The first question is simply ignored, though the three months’ additional progress suggests they may as well have stayed in class. The second could not be answered because the design of the study simply compares the treatment group with a ‘business as usual’ control group. Such comparisons do not yield enough information to move educational practice forward. Why, when we have the money, the expertise and the opportunity, do we not compare interventions to see which is more effective? Rather, we have a trickle of data that has almost no impact but instead generates a slowly rising tide of antipathy towards research.
The study then lurches into collision with the most obvious problem we could have expected: what to do with children who can’t read independently? The teachers did what any self-respecting teacher would do: they helped the individual students with their reading. We are not told how many children were helped in this way, or how much. So we have no idea how much this one-to-one support, which was in addition to the AR intervention, contributed to the admittedly modest gains described. Having identified this problem, the report carries on without suggesting any solutions.
The last, unexpected part of the disintegration comes when we look at how the effect size is generated. The post-test is the NGRT Digital, a common, well-researched and statistically strong test. No problem there. What is the pre-test? Answer: none. Students were allocated to the intervention based on their Key Stage 2 English points. This measure alone has been used to establish comparability between the randomized groups. The effect size is simply the difference between the mean reading post-test score of the treatment and control groups.

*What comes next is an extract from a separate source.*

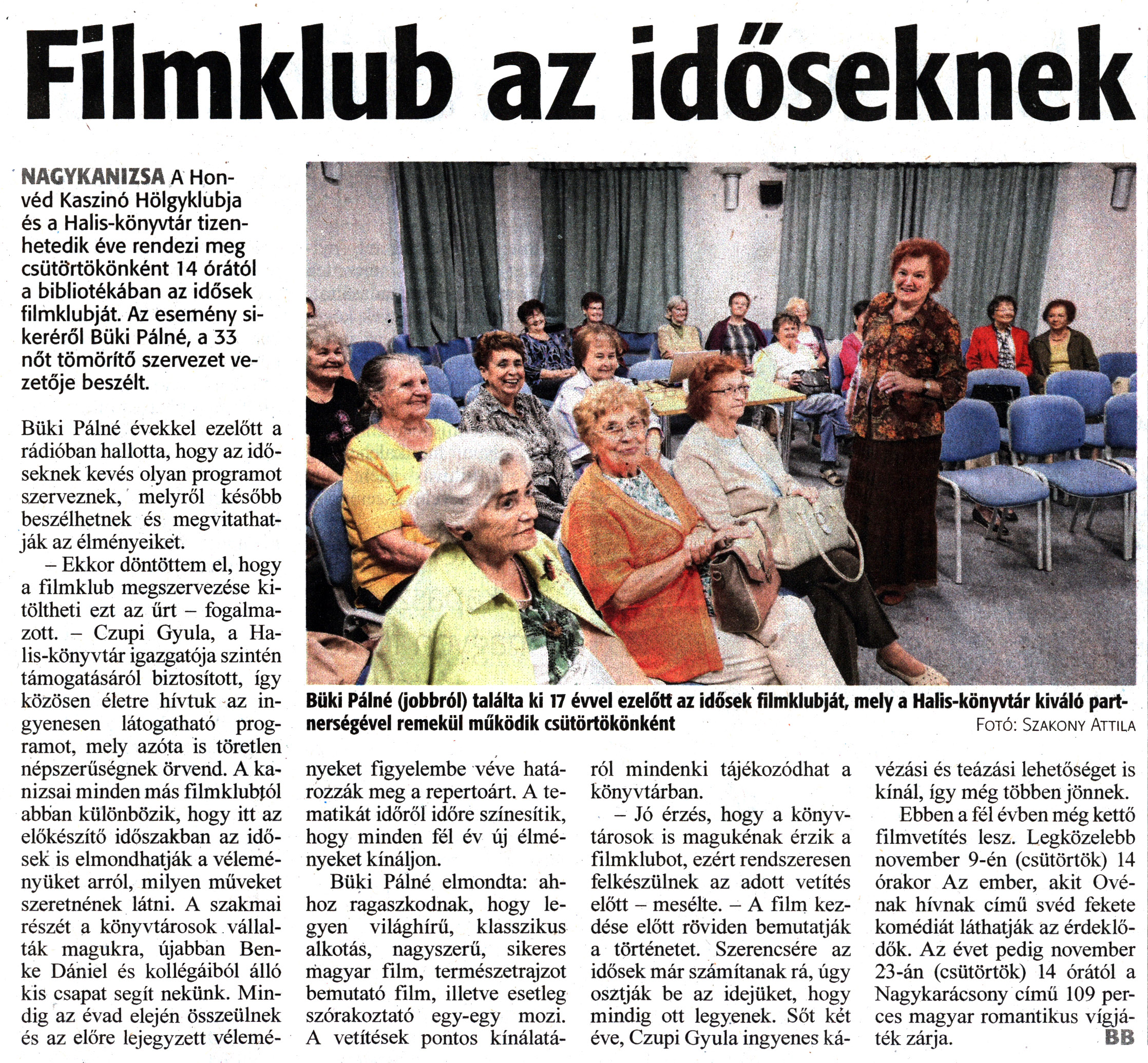 Nyilvános 1179 | 1457 | Zalai Hírlap 2023. november 2. 255. szám 6. oldal | Filmklub az időseknek NAGYKANIZSA A Honvéd Kaszinó Hölgyklubja és a Halis-könyvtár tizenhetedik éve rendezi meg csütörtökönként 14 órától a bibliotékában az idősek filmklubját. Az esemény sikeréről Büki Pálné, a 33 nőt tömörítő szervezet vezetője beszélt. Büki Pálné (jobbról) találta ki 17 évvel ezelőtt az idősek filmklubját, mely a Halis-könyvtár kiváló partnerségével remekül működik csütörtökönként Fotó: Szakony Attila Büki Pálné évekkel ezelőtt a rádióban hallotta, hogy az időseknek kevés olyan programot szerveznek, melyről később beszélhetnek és megvitathatják az élményeikét. - Ekkor döntöttem el, hogy a filmklub megszervezése kitöltheti ezt az űrt - fogalmazott. - Czupi Gyula, a Halis-könyvtár igazgatója szintén támogatásáról biztosított, így közösen életre hívtuk az ingyenesen látogatható programot, mely azóta is töretlen népszerűségnek örvend. A kanizsai minden más filmklubtól abban különbözik, hogy itt az előkészítő időszakban az idősek is elmondhatják a véleményüket arról, milyen műveket szeretnének látni. A szakmai részét a könyvtárosok vállalták magukra, újabban Benke Dániel és kollégáiból álló kis csapat segít nekünk. Mindig az évad elején összeülnek és az előre lejegyzett véleményeket figyelembe véve határozzák meg a repertoárt. A tematikát időről időre színesítik, hogy minden fél év új élményeket kínáljon. Büki Pálné elmondta: ahhoz ragaszkodnak, hogy legyen világhírű, klasszikus alkotás, nagyszerű, sikeres magyar film, természetrajzot bemutató film, illetve esetleg szórakoztató egy-egy mozi. A vetítések pontos kínálatáról mindenki tájékozódhat a könyvtárban. - Jó érzés, hogy a könyvtárosok is magukénak érzik a filmklubot, ezért rendszeresen felkészülnek az adott vetítés előtt - mesélte. - A film kezdése előtt röviden bemutatják a történetet. Szerencsére az idősek már számítanak rá, úgy osztják be az idejüket, hogy mindig ott legyenek. Sőt két éve, Czupi Gyula ingyenes kávézási és teázási lehetőséget is kínál, így még többen jönnek. Ebben a fél évben még kettő filmvetítés lesz. Legközelebb november 9-én (csütörtök) 14 órakor Az ember, akit Ové-nak hívnak című svéd fekete komédiát láthatják az érdeklődők. Az évet pedig november 23-án (csütörtök) 14 órától a Nagykarácsony című 109 perces magyar romantikus vígjáték zárja. BB |

The writers appear to argue that, because the randomization process made for comparability between the groups, no pre-test is required.1 But one of the long-running complaints that secondary teachers have about the Key Stage 2 scores is that they often seem to bear little or no relation to the children in front of us. Given the potentially distorting effects of pressures on schools, there is good reason to be wary of relying on these scores for anything – quite apart from the variations in teacher interpretation that can occur between individuals and schools. In other words, the grouping criterion is not reliable.
The report stresses that the NGRT was simple to administer as a post-test. Then why not use it as a pre-test to ensure comparability between students? One of the problems this would have identified was that of students who were not able to read independently, thereby eliminating the major problem in interpretation of the results (referred to above). It cannot, given the size of the budget, have been a cost-saving measure – or if so, it suggests very poor judgement.
In short, the EEF’s report has provided little evidence to help schools decide whether to use Accelerated Reader. AR is, as far as we can tell, better than nothing, but may cost a lot more than it first appears. Far from revolutionizing education through evidence, this report and others like it appear to be creating opacity, not clarity. A cynic would say that four schools had found a way to fund extra books and computer tablets, a view that appears to be supported by the writers’ complaint of a lack of interest by any of the schools in analyzing and reporting on their own results. A more optimistic view is stated in the report, which opines that AR is a well-researched intervention and that this trial provides the largest and most reliable study so far.
I do not agree that AR is well-researched; it is certainly not well-evidenced. Nothing here convinces me that it is better than having a well-stocked library, with clear goals for each student, and the time to get them reading.
- If they are arguing something different, I haven’t understood their point and am happy to be corrected.